San DiegoVeyo-based company, which developed an Uber-style model to get Medicaid and Medicare members to doctor’s appointments, has signed a deal to sell to its rival Medical transport management of Saint Louis for an undisclosed price.
The acquisition, which is not yet finalized, should bring Medical transport management annual turnover of approximately $1 billion, the company said. MTM has 2,200 employees nationwide.
Veyo said its annual revenue is approximately $300 million. It employs 570 workers in 10 locations across the country, including call centers in Arizona and elsewhere.
The combined companies plan to provide 20 million trips a year to people in 31 states and washington d.c.
Co-founded in 2015 by the Managing Director Josh Komenda as a spin-out from ArizonaBased at Total Transit, Veyo is a transportation broker that aimed to disrupt non-emergency Medicaid/Medicare transportation business by bringing on board independent contractors who use their own vehicles to drive people to doctor’s appointments.
About 3.6 million people forego medical care each year due to transportation problems, according to the American Hospital Association. For older Americans, transportation is the third most commonly cited reason for not seeking health care.
Veyo trained independent drivers in CPR, HIPPA rules, Americans with Disabilities Act procedures and other skills, and inspected vehicles. Non-emergency transportation is covered for certain Medicare and Medicaid members, who California is called Medical. Government-funded insurance programs pay for trips for people who cannot use public or private transportation and need help getting around.
Komenda will stay with Medical transport management in an indefinite leadership role, the company said.
“While technology and innovation are hugely important, so is the human touch and that is where our vision for the future lies,” Komenda said in a statement. “With this merger of our companies, we bring together the best of both worlds: MTM’s focus on customer service and Veyo’s technological prowess and independent driver supplier model.”
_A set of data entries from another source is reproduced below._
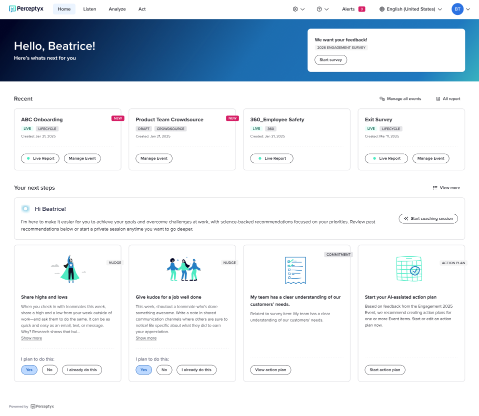 Nudges are personalized, science-backed action recommendations powered by AI and delivered by the Activate agent directly in the flow of work. Whether generated from organization-wide listening events or 360 feedback results, nudges help employees turn insights into small, meaningful actions that drive measurable behavior change and lasting business impact.
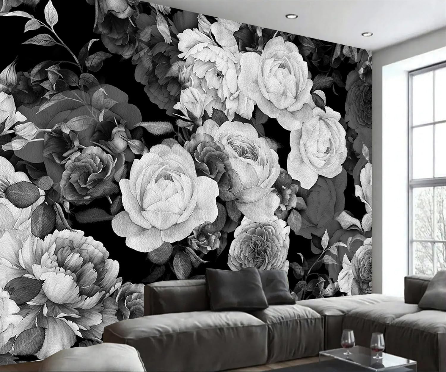 AFZEVEB-Dark Peony Wallpaper Watercolor Rose Wall murals for Bedroom 159"x107" (Not Peel and Stick)
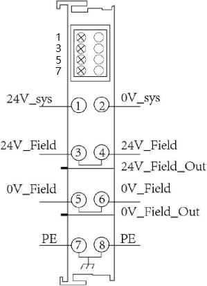 PLC主控模塊的電源接線端子排如圖2.8所示。PLC主控模塊包含8個(gè)端子,各個(gè)端子對(duì)應(yīng)的序號(hào)及其含義如表2.2所示。請(qǐng)注意,3號(hào)端子與4號(hào)端子之間、5號(hào)端子與6號(hào)端子之間、7號(hào)端子與8號(hào)端子之間,在模塊的內(nèi)部是相連的。
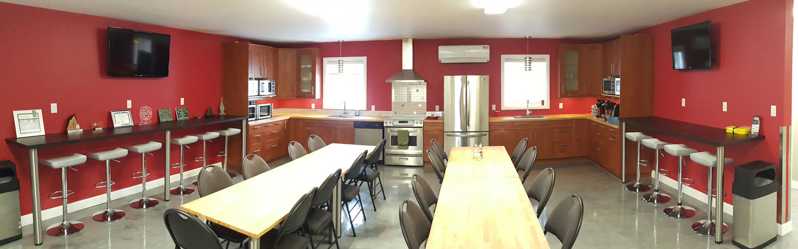 Une salle à diner toute équipée pour le repos bien mérité du midi. Informez-vous de nos différents forfaits repas et collation.
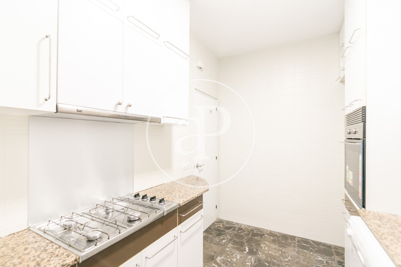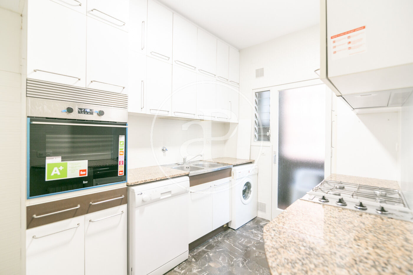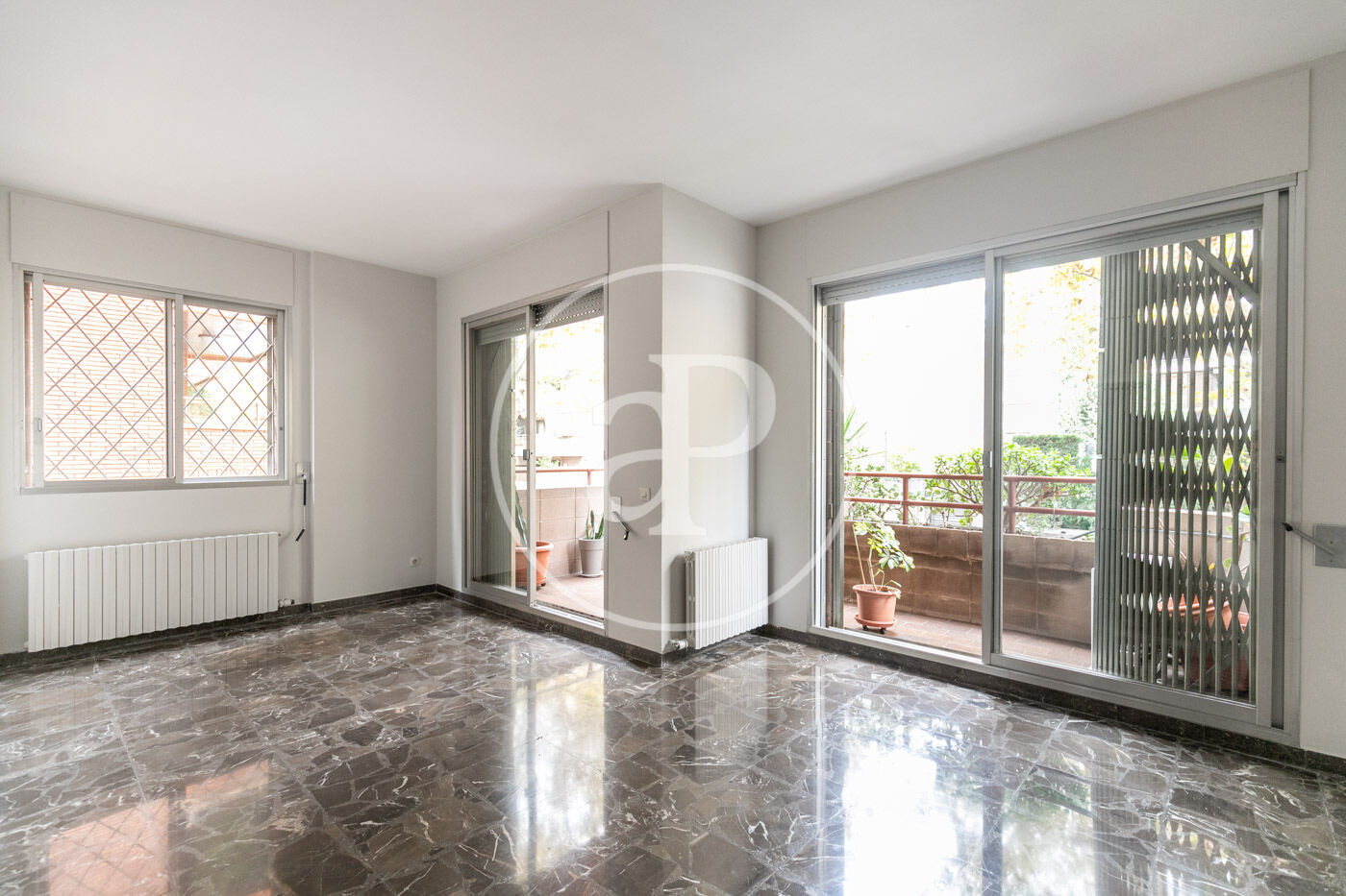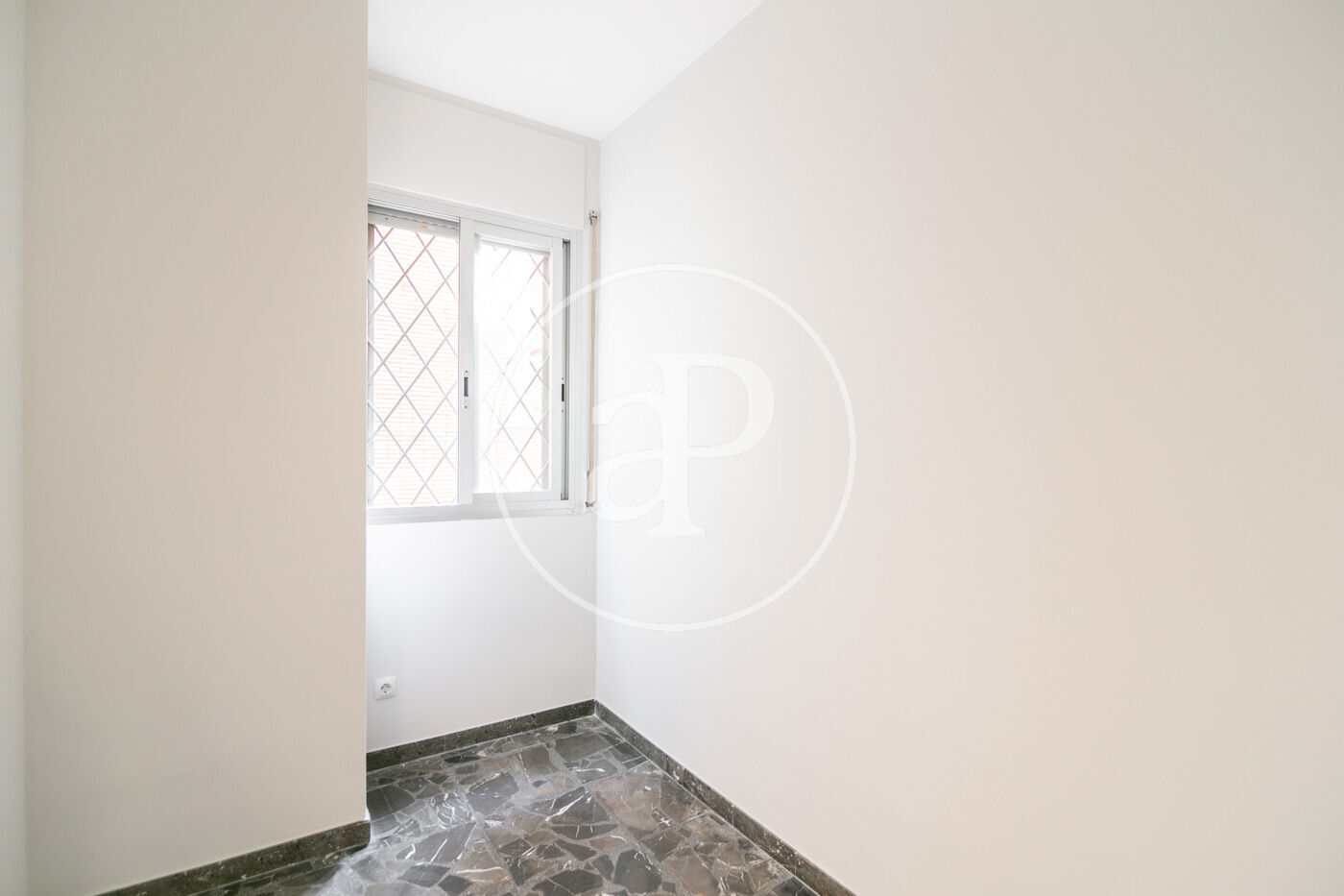 The flat has marble floors (with the option of installing parquet), air conditioning in the living room, and gas heating by radiators.

Medical Transportation, also a broker, has been in business since 1995. A private, women-owned company, it handled more than 13 million trips a year to Medicaid and Medicare members, among others, before acquiring Veyo.
The company handles non-emergency medical transportation for state and county governments, and is California non-emergency medical transportation broker. He also works with managed care organizations, health systems, and other programs serving the disabled, underserved, and older people. It partners with 1,250 transportation providers and transit agencies nationwide to provide services.